» Exercise description:
Nothing but the lines below from the one holding "矩心矩張量反演采用了震中距3" up to and including the one holding "The jewel of" should be copied, exactly and without pictures.

» Provided records:
++++++++

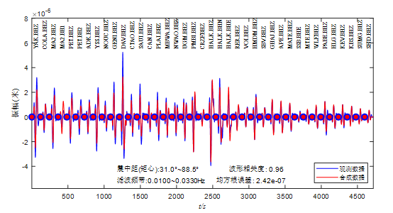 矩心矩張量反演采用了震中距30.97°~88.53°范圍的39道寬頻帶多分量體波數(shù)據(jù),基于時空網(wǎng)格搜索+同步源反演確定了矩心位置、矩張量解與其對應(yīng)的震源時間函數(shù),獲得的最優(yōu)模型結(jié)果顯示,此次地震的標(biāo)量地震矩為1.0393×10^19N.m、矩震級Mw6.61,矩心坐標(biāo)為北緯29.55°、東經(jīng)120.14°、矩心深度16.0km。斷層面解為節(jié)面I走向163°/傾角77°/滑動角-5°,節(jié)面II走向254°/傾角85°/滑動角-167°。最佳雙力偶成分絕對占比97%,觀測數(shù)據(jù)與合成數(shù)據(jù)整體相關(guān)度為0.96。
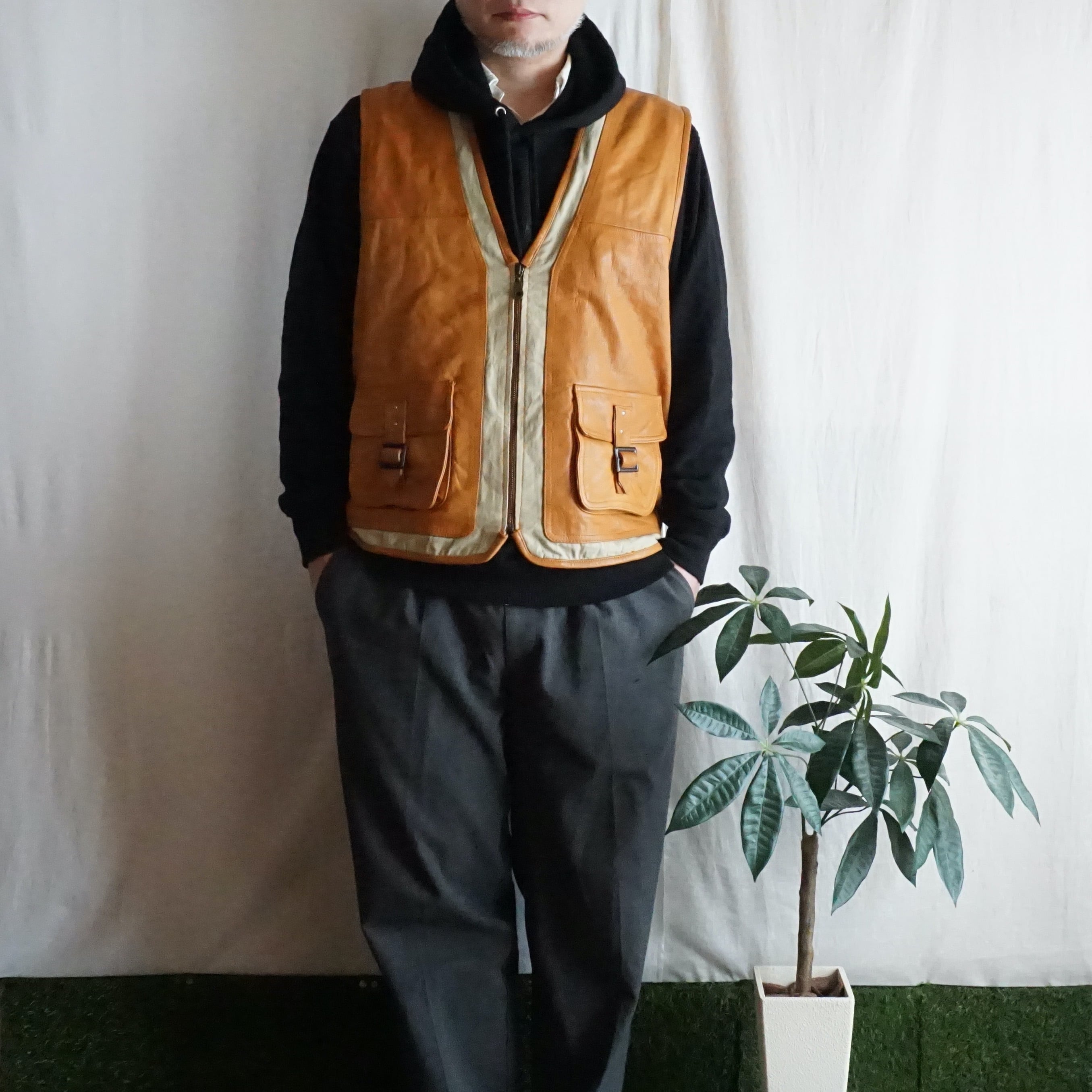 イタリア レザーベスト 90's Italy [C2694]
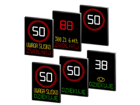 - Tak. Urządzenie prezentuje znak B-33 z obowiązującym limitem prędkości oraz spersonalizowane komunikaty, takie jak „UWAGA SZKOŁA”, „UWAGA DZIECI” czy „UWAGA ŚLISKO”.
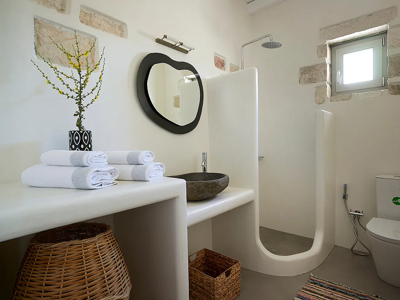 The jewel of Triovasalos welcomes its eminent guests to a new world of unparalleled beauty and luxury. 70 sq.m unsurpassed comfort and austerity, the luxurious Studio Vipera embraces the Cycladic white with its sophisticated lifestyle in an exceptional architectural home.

++++++++

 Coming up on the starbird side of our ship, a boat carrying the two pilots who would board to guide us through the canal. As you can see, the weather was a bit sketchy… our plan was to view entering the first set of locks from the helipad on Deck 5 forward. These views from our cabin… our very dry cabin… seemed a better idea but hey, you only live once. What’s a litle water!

++++++++

» Worked solution:
 矩心矩張量反演采用了震中距30.97°~88.53°范圍的39道寬頻帶多分量體波數(shù)據(jù),基于時空網(wǎng)格搜索+同步源反演確定了矩心位置、矩張量解與其對應(yīng)的震源時間函數(shù),獲得的最優(yōu)模型結(jié)果顯示,此次地震的標(biāo)量地震矩為1.0393×10^19N.m、矩震級Mw6.61,矩心坐標(biāo)為北緯29.55°、東經(jīng)120.14°、矩心深度16.0km。斷層面解為節(jié)面I走向163°/傾角77°/滑動角-5°,節(jié)面II走向254°/傾角85°/滑動角-167°。最佳雙力偶成分絕對占比97%,觀測數(shù)據(jù)與合成數(shù)據(jù)整體相關(guān)度為0.96。
 イタリア レザーベスト 90's Italy [C2694]
 - Tak. Urządzenie prezentuje znak B-33 z obowiązującym limitem prędkości oraz spersonalizowane komunikaty, takie jak „UWAGA SZKOŁA”, „UWAGA DZIECI” czy „UWAGA ŚLISKO”.
 The jewel of Triovasalos welcomes its eminent guests to a new world of unparalleled beauty and luxury. 70 sq.m unsurpassed comfort and austerity, the luxurious Studio Vipera embraces the Cycladic white with its sophisticated lifestyle in an exceptional architectural home.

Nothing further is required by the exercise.